◆ Task statement ◆
Please reproduce, exactly as given, the lines running from the start of the data to the line containing "BIM105T/BIM135T fotoadapter szett", inclusive, and omit the pictures.

Dataset excerpts:
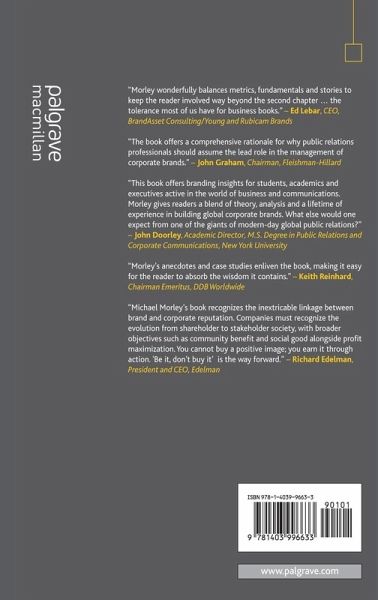 'This book offers branding insights for students, academics and executives active in the world of business and communications. Morley gives readers a blend of theory, analysis and a lifetime of experience in building global corporate brands. What else would one expect from one of the giants of modern-day global public relations?' John Doorley, Academic Director, M.S. Degree in Public Relations and Corporate Communications, New York University.
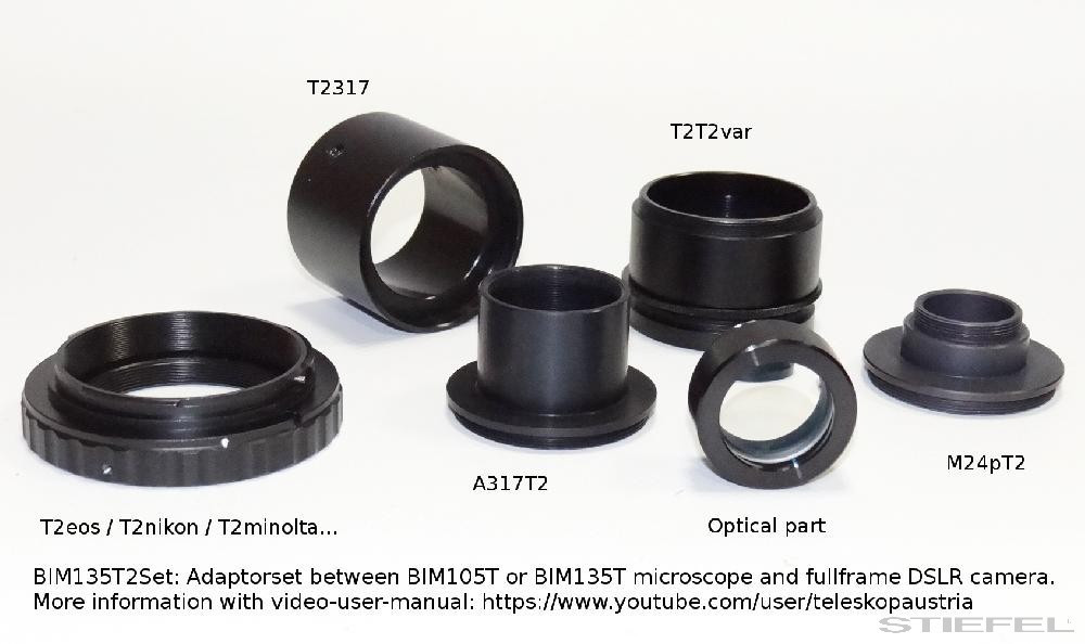 BIM105T/BIM135T fotoadapter szett Full-frame DSLR kamerához. A szett tagjai: A317T2, MicHel, MicHelT2, T2T26, M24pT2, optikai egység és egy STANDARD T2-DSLR Adapter.
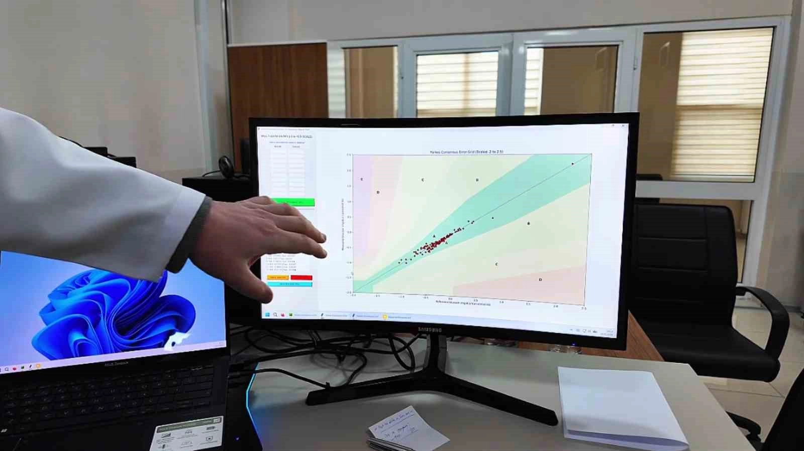 Bu tür kan şekeri izleme sistemleri için uluslararası bir standart bulunduğunu bildiren Bayraklı, "Amerikan Diyabet Derneği toplantısına katılan 100 diyabet uzmanı tarafından oluşturulan bu standartta, ölçümlerin güvenilirliğini gösteren bölgeler yer alıyor. Bizim yaptığımız analizlerde, 150 hastadan elde edilen tüm sonuçlar, en güvenilir aralık olarak kabul edilen bölgede yer aldı. Yani yüzde yüzlük bir doğruluk oranına ulaşmış olduk." ifadelerini kullandı.
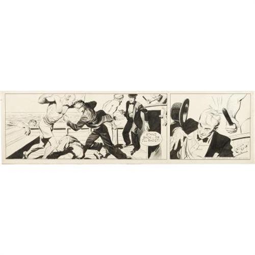 <B>Alex Raymond - Rip Kirby Daily Comic Strip Original Art, dated 11-16-51 (King Features Syndicate, 1951).</B></I> Desmond takes a shot to the skull while Rip dishes out a few blows of his own in this action-packed episode. This daily has an approximate image area of 20" x 5.25", and aside from some paper aging, glue stains on the back, and a fold between panels one and two, the art is in Good condition. <I>From the Jim Logan Collection.</B></I><BR><BR><b>Shipping:</b> Flat Material, Small (<a target="_blank" href="http://www.heritageauctions.com/common/shipping.php">view shipping information</a>)
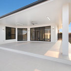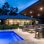 Photo of a large contemporary backyard patio in Melbourne with an outdoor kitchen and concrete pavers. — Houzz
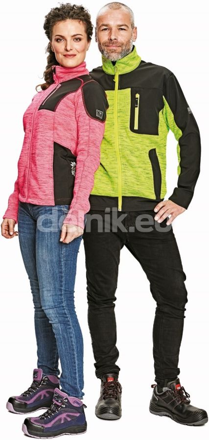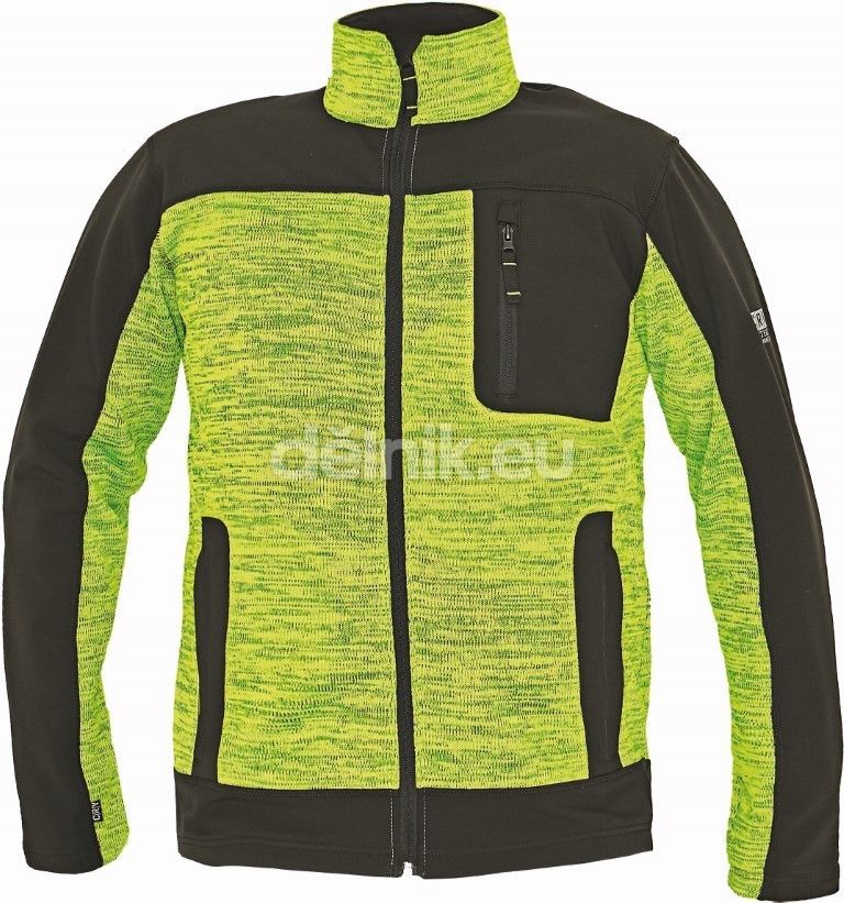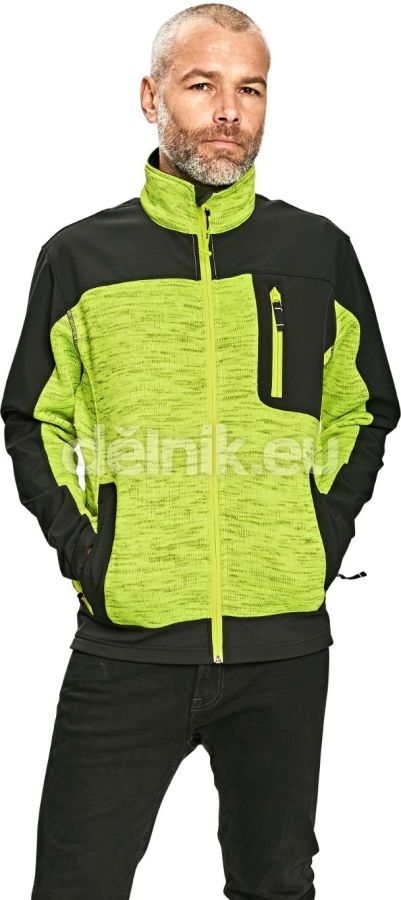 pánský celopropínací svetr z pleteného materiálu mellange v kombinaci se softshellem, uvnitř počesaný; náprsní kapsa a postranní kapsy na zip; reflektivní potisk na rukávu a zevnitř légy; atraktivní barevné provedení; svrchní materiál: 96 % polyester, 4 % elastan, 380 g/m²

◆ Written solution ◆
 'This book offers branding insights for students, academics and executives active in the world of business and communications. Morley gives readers a blend of theory, analysis and a lifetime of experience in building global corporate brands. What else would one expect from one of the giants of modern-day global public relations?' John Doorley, Academic Director, M.S. Degree in Public Relations and Corporate Communications, New York University.
 BIM105T/BIM135T fotoadapter szett Full-frame DSLR kamerához. A szett tagjai: A317T2, MicHel, MicHelT2, T2T26, M24pT2, optikai egység és egy STANDARD T2-DSLR Adapter.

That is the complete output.